Ok, did the tests without --inplace, it saves the BW, but completly
nullify the benefits of ZFS snapshots.

This is disturbing.

Le 2015/02/03 21:54, Guillaume Friloux a écrit :
> Hello, thanks for answering.
> 
> I have to use --inplace to limit writes on the ZFS dataset, otherwise
> each snapshot
> will use the total file size instead of only the diff.
> In my env, i dont do local copies, i do send over SSH on a BSD host.
> 
> I will redo all the tests without --inplace to see if it does better 
> for
> rsync
> (but wont be a real solution for my ZFS vol).
> 
> I am using /dev/urandom only because i wanted a simple test case, but
> the problem
> occurs with real files, like outlook PST files, PPT files and so on.
> 
> I intentionally not used gzip because gzip itself also produce some
> problems
> here with the files, and i do use --rsyncable, or tell rsyncrypto to 
> use
> gzip (encounter the problem with both methods).
> 
> Youre saying rsyncrypto uses gzip, but i did give --gzip=nullgzip that
> is
> a bash script calling cat, and so, not compression should be done, or 
> is
> rsyncrypto adding compression over what gzip did ?
> 
> 
> Le 2015/02/03 20:54, Shachar Shemesh a écrit :
>> rsyncrypto compresses as part of the encryption.

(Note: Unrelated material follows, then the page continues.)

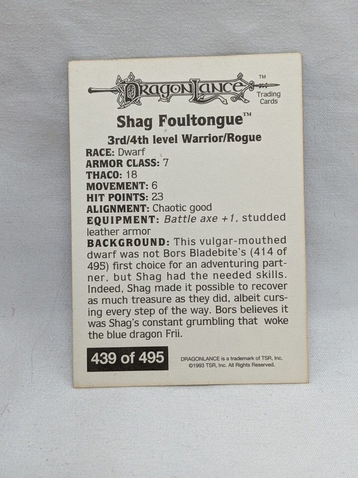 TSR Series 1993 Dragon Lance Shag Foultongue Red Border Rare Trading Card

You obviously did not
>> notice this, as you were using /dev/random as your source, and hence
>> producing uncompressible files. This is also the reason (at least part
>> of it) that the encrypted files were not the same size.
>> 
>>  On 03/02/15 10:34, Guillaume Friloux wrote:
>> 
>>> The only thing i can see is that between file1.iso.enc and
>>> file2.iso.enc,
>>> the filesize dropped a little, and between file2.iso.enc and
>>> file3.iso.enc it is higher,
>>> but i have no idea if this can be related...

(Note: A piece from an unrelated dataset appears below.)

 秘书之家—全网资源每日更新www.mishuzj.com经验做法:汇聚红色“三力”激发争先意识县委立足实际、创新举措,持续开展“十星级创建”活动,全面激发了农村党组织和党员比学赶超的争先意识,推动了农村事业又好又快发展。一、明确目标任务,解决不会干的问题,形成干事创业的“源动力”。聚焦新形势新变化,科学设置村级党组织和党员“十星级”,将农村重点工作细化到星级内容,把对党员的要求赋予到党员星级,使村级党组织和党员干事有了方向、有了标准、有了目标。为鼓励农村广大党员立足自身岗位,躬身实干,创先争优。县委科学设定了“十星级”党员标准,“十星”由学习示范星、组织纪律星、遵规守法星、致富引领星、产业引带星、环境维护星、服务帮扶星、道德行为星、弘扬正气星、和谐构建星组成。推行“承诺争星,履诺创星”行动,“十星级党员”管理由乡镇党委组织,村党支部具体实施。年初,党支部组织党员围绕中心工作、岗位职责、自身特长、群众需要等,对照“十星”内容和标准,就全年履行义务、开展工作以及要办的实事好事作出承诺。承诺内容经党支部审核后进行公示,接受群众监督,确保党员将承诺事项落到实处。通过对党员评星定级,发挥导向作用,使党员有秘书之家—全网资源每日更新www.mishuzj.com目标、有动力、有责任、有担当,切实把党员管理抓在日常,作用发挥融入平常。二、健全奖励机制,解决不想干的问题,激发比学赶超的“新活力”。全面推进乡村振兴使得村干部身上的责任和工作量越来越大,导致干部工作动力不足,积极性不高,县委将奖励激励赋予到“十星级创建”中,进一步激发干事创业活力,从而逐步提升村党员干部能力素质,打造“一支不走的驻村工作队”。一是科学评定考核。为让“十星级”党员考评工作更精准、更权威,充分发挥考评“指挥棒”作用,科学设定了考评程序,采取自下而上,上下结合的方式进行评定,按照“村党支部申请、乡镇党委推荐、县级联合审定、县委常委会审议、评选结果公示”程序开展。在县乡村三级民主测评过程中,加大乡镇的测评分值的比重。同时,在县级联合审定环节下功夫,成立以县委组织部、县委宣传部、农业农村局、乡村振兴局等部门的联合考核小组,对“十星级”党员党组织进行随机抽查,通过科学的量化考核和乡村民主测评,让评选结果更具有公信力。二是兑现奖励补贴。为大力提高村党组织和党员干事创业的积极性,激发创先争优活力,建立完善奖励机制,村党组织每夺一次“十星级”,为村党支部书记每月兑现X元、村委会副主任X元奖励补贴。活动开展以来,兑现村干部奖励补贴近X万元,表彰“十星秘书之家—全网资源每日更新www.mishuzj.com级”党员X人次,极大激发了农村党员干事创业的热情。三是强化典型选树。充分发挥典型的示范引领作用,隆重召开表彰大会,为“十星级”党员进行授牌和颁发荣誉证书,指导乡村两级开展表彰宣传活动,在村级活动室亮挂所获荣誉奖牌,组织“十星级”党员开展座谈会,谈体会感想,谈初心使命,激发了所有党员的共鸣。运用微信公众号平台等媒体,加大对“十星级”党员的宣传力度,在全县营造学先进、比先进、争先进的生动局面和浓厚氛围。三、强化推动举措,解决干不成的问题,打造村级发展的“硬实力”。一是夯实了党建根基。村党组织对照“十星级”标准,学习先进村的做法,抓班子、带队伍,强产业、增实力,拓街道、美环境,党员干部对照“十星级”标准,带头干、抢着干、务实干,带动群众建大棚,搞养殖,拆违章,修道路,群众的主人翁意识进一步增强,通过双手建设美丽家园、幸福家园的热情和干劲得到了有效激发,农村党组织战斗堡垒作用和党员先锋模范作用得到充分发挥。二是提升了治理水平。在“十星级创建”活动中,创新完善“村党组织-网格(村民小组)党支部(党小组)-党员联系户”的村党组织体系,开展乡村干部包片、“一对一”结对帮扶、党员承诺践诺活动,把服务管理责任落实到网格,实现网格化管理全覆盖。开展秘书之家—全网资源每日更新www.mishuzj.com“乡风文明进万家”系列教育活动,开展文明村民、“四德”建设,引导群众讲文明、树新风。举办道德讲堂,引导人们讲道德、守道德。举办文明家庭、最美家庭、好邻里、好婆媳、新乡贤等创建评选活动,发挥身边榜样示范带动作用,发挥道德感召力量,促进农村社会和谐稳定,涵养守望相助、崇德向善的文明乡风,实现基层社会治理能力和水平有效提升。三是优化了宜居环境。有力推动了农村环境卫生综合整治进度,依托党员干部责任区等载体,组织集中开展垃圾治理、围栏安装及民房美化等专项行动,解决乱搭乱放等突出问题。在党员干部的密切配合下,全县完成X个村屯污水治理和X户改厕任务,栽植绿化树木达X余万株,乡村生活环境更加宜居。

>>  You are using rsync with --inplace. In that mode, rsync cannot reuse
>> blocks that were already overwritten by the destination file. When the
>> new file is bigger than the old one, you are overwriting the data you
>> would reuse while transferring, severely limiting rsync's ability to
>> optimize your transfer. If you remove --inplace, you will see that
>> rsync has no problem optimizing your encrypted files, no matter the
>> size changes.
>> 
>>  You have not asked your gzip question, but I am guessing it is either
>> the same issue there, or you forgot to pass it the --rsyncable flag.